SUPPLIED DATA:
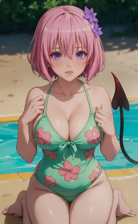 1girl, momo velia deviluke, pink hair, short hair, purple eyes, hair ornament, dress, casual one-piece swimsuit, demon tail, flower, bikini, tail, floral print, hair flower, one-piece swimsuit, ;d, lala satalin deviluke, sundress, twintails,
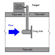 A less sophisticated realization of the stagnation principle is the target flow sensor, consisting of a blunt “paddle” (or “drag disk”) inserted into the flow stream. The force exerted on this paddle by the moving fluid is sensed by a special transmitter mechanism, which then outputs a signal corresponding to flow rate (proportional to the square of fluid velocity, just like an orifice plate):
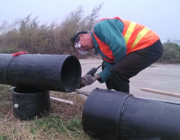 安裝工藝流程:備料—刮削氧化層—清潔焊接面—標記承插深度—檢測管件線圈—轉配管件—檢查配合—固定連接處—管件編號—焊接—冷卻—局部回填—試壓驗收—整體回填
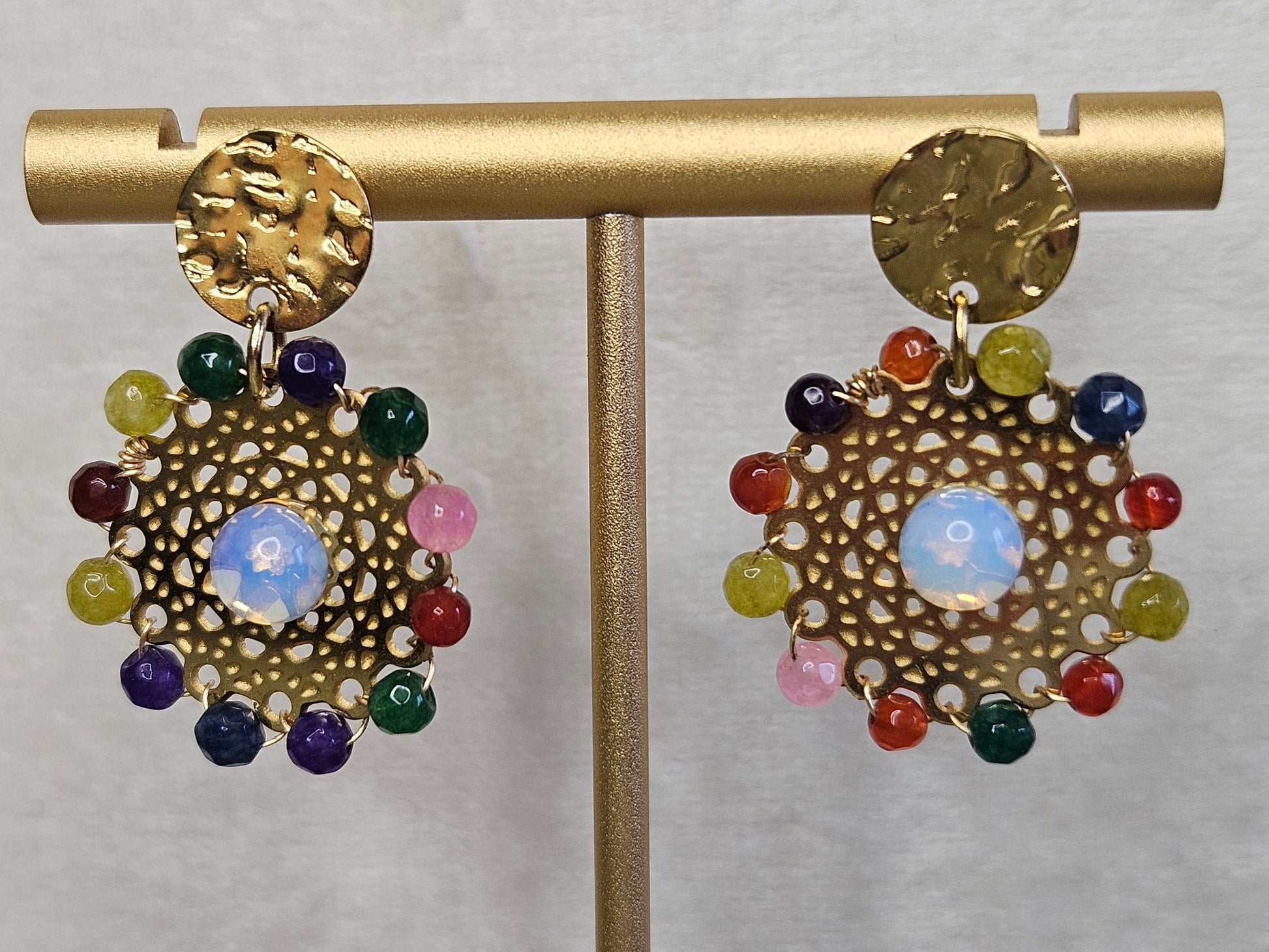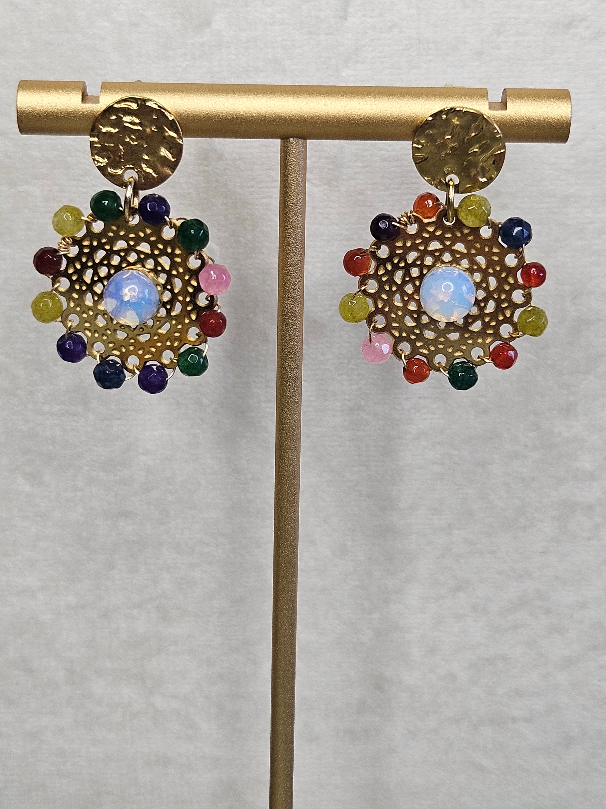 Osez la couleur et l'originalité avec ces boucles d'oreilles circulaires en acier inoxydable doré. Ornée d'un cabochon central opalescent, entouré de perles multicolores éclatantes, et avec une attache en acier froissé, elles allient style ethnique et élégance.

WHAT YOU SHOULD DO: Give back all of the material exactly, though without the images it contains.

RESULT BELOW:
 1girl, momo velia deviluke, pink hair, short hair, purple eyes, hair ornament, dress, casual one-piece swimsuit, demon tail, flower, bikini, tail, floral print, hair flower, one-piece swimsuit, ;d, lala satalin deviluke, sundress, twintails,
 A less sophisticated realization of the stagnation principle is the target flow sensor, consisting of a blunt “paddle” (or “drag disk”) inserted into the flow stream. The force exerted on this paddle by the moving fluid is sensed by a special transmitter mechanism, which then outputs a signal corresponding to flow rate (proportional to the square of fluid velocity, just like an orifice plate):
 安裝工藝流程:備料—刮削氧化層—清潔焊接面—標記承插深度—檢測管件線圈—轉配管件—檢查配合—固定連接處—管件編號—焊接—冷卻—局部回填—試壓驗收—整體回填
 Osez la couleur et l'originalité avec ces boucles d'oreilles circulaires en acier inoxydable doré. Ornée d'un cabochon central opalescent, entouré de perles multicolores éclatantes, et avec une attache en acier froissé, elles allient style ethnique et élégance.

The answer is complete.